In May 2015, a jury agreed to sentence Boston Marathon bomber Dzhokhar Tsarnaev to death. He has appealed.

State courts in Massachusetts struck down the death penalty laws in the early 1980s and the last executions in the state were in the late 1940s. But Tsarnaev and Sampson were charged with federal crimes that allow capital punishment; in Sampson’s case, it was the crimes of carjacking resulting in death.

Scott McCloskey, one of Philip McCloskey’s six children, said after the verdict was announced that he was disappointed that jurors did not choose the death penalty for his father’s killing, but he took solace in the verdict.

“When all is said and done, he got the death penalty, and that’s what we set out for,’’ he said. “We got the result we wanted.’’

Mike Rizzo, Rizzo’s father, called the verdict a team effort, saying the families of Sampson’s three victims have been unified since Sampson changed their lives more than 15 years ago.

“This is a good day for the Whitney, the McCloskey, and the Rizzo families,’’ he said. “It’s a very sobering and somber day for us, but we know justice has prevailed.’’

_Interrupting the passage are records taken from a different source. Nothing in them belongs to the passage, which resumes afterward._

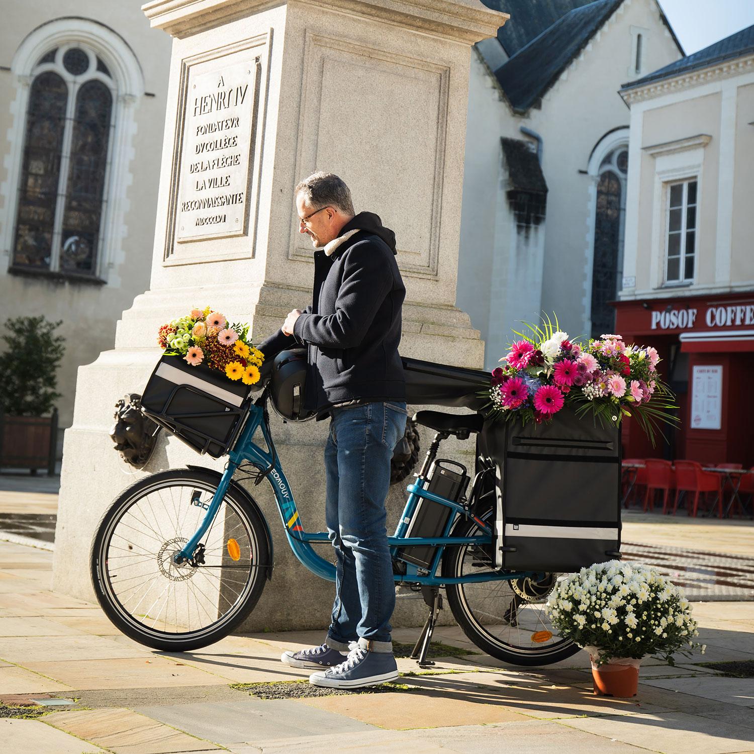 Notre vélo utilitaire NEOMOUV OPIA est conçu pour transporter des charges lourdes grâce à ses deux portes-bagages. Les démarrages et les arrêts sont facilités par son enjambement bas et sa gachette d’aide au démarrage.
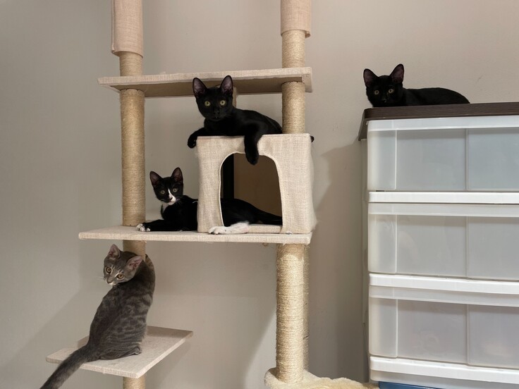 猫がご飯も十分食べられず、猫たちのトイレもない現場から、まだ全員助けられていない…などの多頭飼育崩壊の話や、野良猫がお腹が空きすぎてゴミや砂など食べている話、冬の寒さに耐えているお話を聞き、こんな状況の猫たちがたくさんいるんだと衝撃を受け…そのまま4匹のかわいい猫たちを家族にすることに決めました♡笑
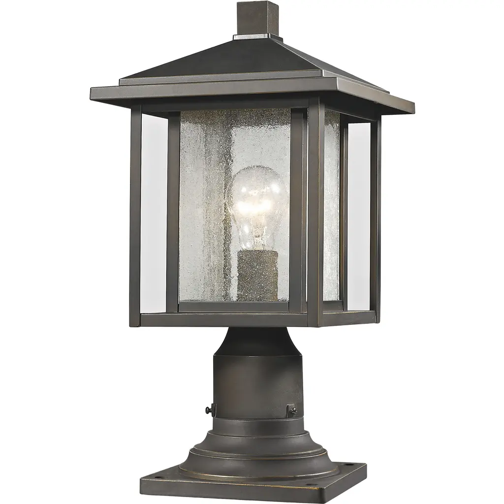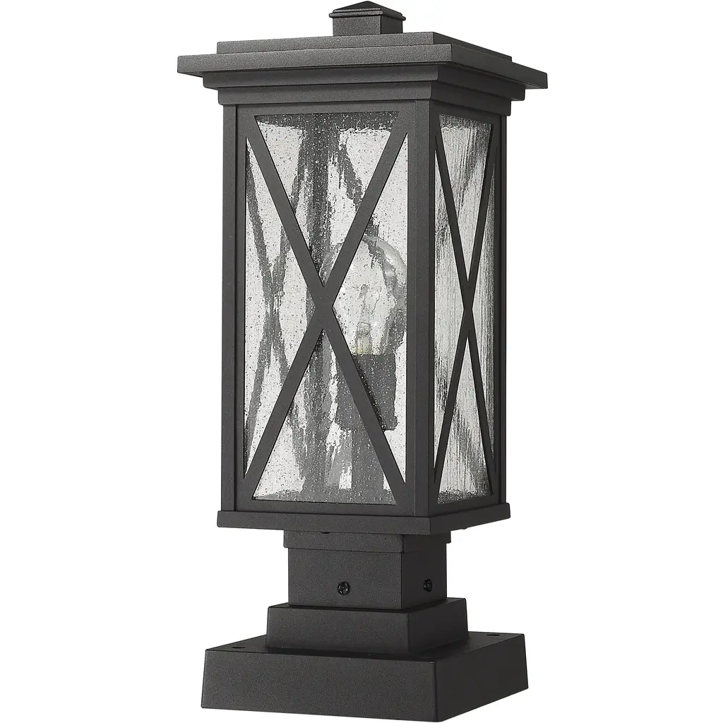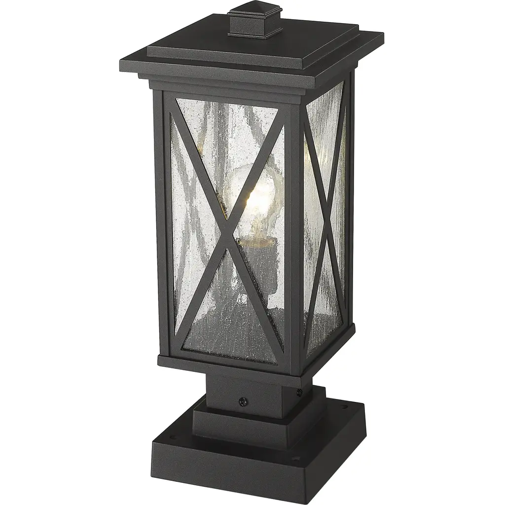 This one-light outdoor pier mounted fixture has a broad, square-shaped, tiered base, and comes in a box-shaped black aluminum cage with a clear seedy glass finish. Compelling X-accents bring dimension and character. It softly diffuses light to provide a welcoming glow to your front entrance or patio.
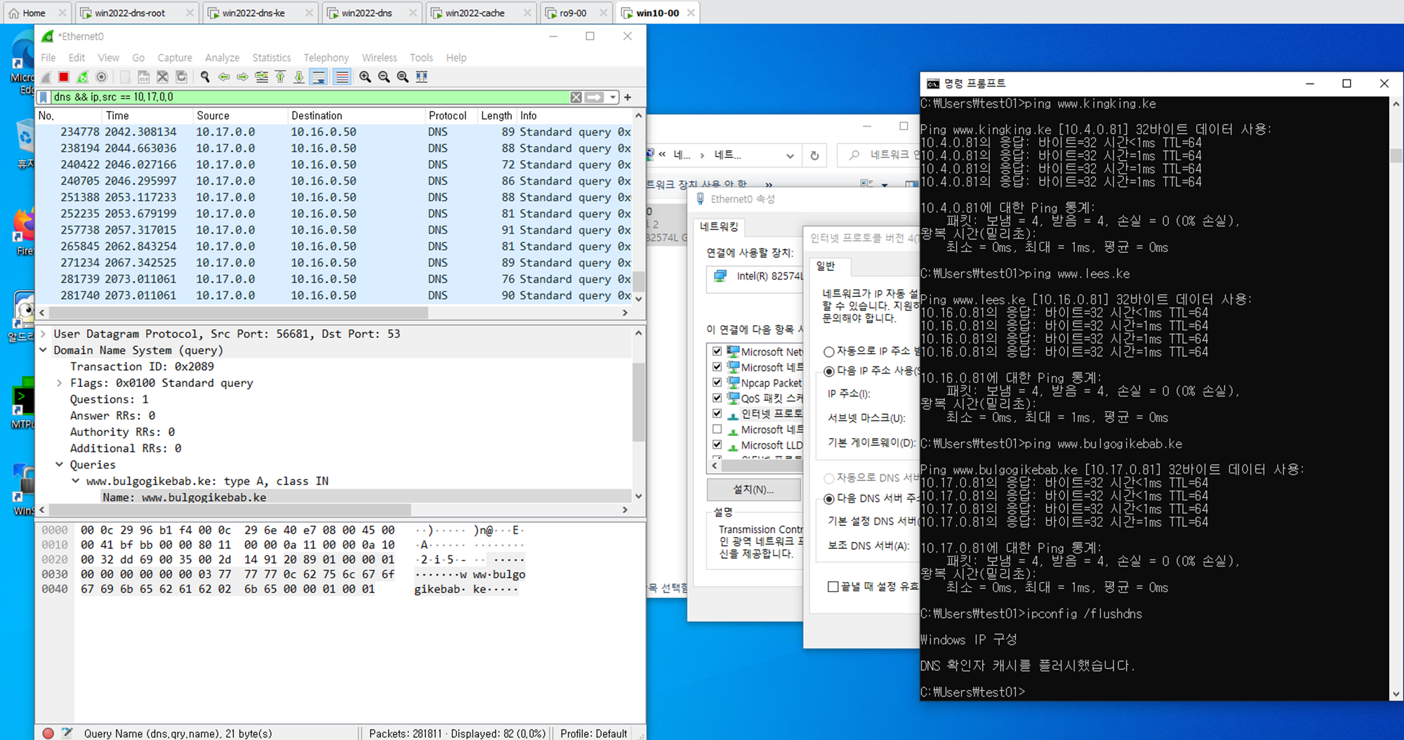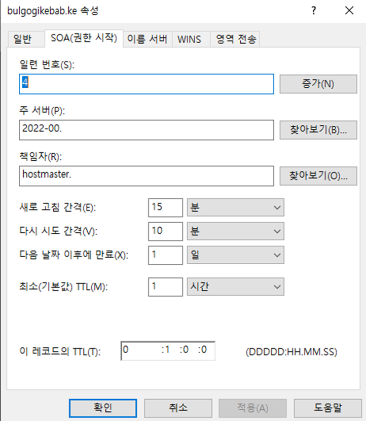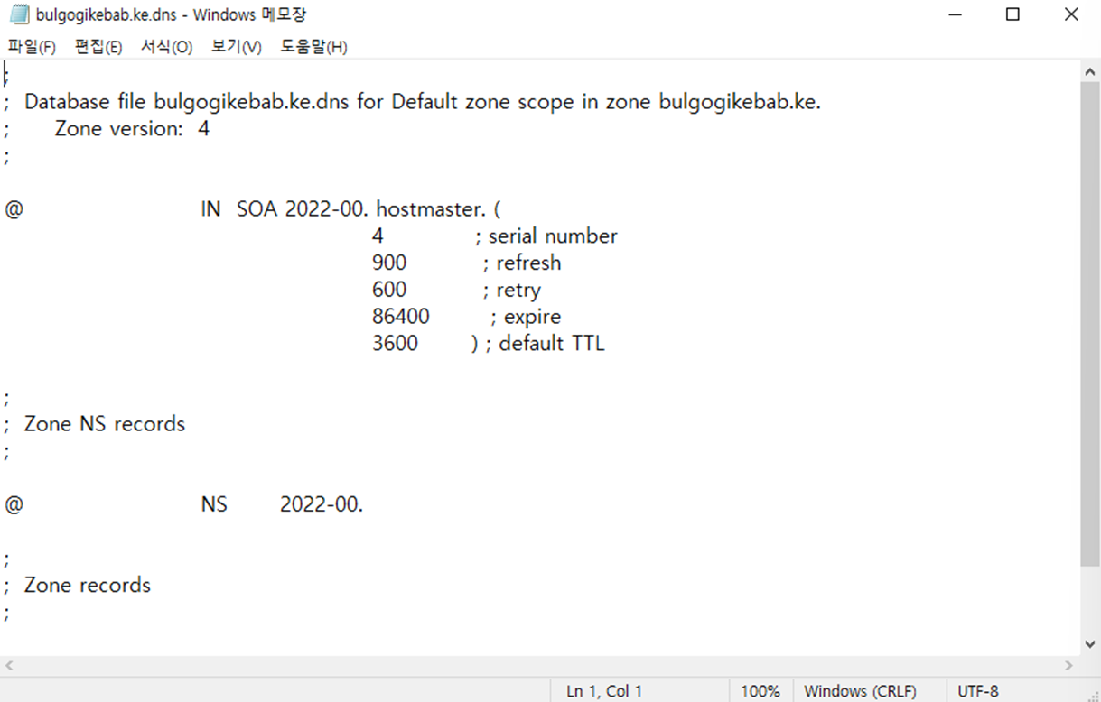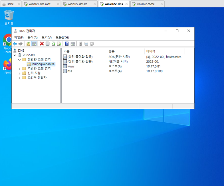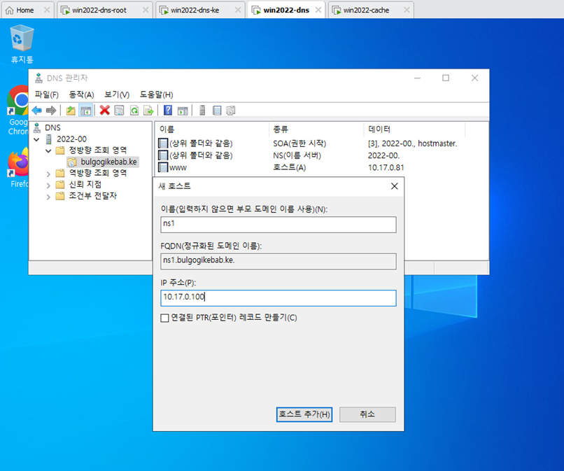 - Wind2022 DNS 서버에서도 ns1.bulgogikebab.ke로 새 호스트를 등록한다.

Sampson will now engage in a lengthy appeals process. Since modern federal death penalty laws went into effect in the late 1980s, only three of more than 500 federal defendants who faced capital punishment have been executed; the remainder had their cases overturned, are appealing their death sentence, pleaded guilty to lesser charges, or had charges dismissed.

Sampson pleaded guilty to killing Rizzo and McCloskey, but his lawyers sought a sentence of life without the possibility of parole.

Sampson had also pleaded guilty to killing his third victim, Robert “Eli’’ Whitney, in New Hampshire and received a life sentence in that state. But jurors in Sampson’s federal trial in Massachusetts were allowed to consider Whitney’s murder when deciding a sentence.

Throughout his trial, jurors heard gruesome details of the killings, including Sampson’s taped confessions. He admitted carjacking McCloskey, who was driving to Weymouth to meet a friend who would help with his taxes, and directing him into the woods at knifepoint. He dragged him up a hill and stabbed him multiple times.

After wandering through communities in the South Shore, he got in a car with Rizzo, directed him at knifepoint to woods in Abington — not far from where Sampson grew up — tied him to a tree with yellow rope and stabbed him repeatedly.

He then drove Rizzo’s Volkswagen Jetta to New Hampshire where, after a day of wandering, he broke into a home.

He killed Whitney, a maintenance man who was tending to the home. He told authorities that, tired of the blood from the stabbings, he strangled Whitney for several minutes and left him in the bathroom while he explored the home. He drank beer and made breakfast.

Sampson then tried to carjack a fourth person, who escaped. He broke into another home and called authorities to turn himself in.

Throughout the trial, Sampson’s lawyers portrayed him as a mentally ill man who had a troubled upbringing and suffered years of physical and emotional abuse. He experienced repeated trauma during previous stints in jail, and they say he had an emotional breakdown leading up the killings. Before the murders, he tried to turn himself in to the FBI.

In a lengthy verdict slip, at least some of the jurors accepted the mitigating factors Sampson’s lawyers listed in their attempt to explain some of his actions: that he had a learning disability; that his father abused him; that he suffered from drug and alcohol addiction and mental illness.

But jurors unanimously rejected the notion that Sampson had remorse for his crimes, however, an indication that his late-trial apology to the families, in the form of a statement in front of jurors, did not aid in his defense.

When asked whether Sampson took responsibility for the killings, jurors said no.

Jurors could not be reached to explain the split verdict in choosing the death penalty for the killing of Rizzo but not McCloskey. But they may have paid attention to Sampson’s own statement that, while the killing of McCloskey was the result of an emotional outburst, he had planned out Rizzo’s killing.

“It was premeditated,’’ he said in his confession.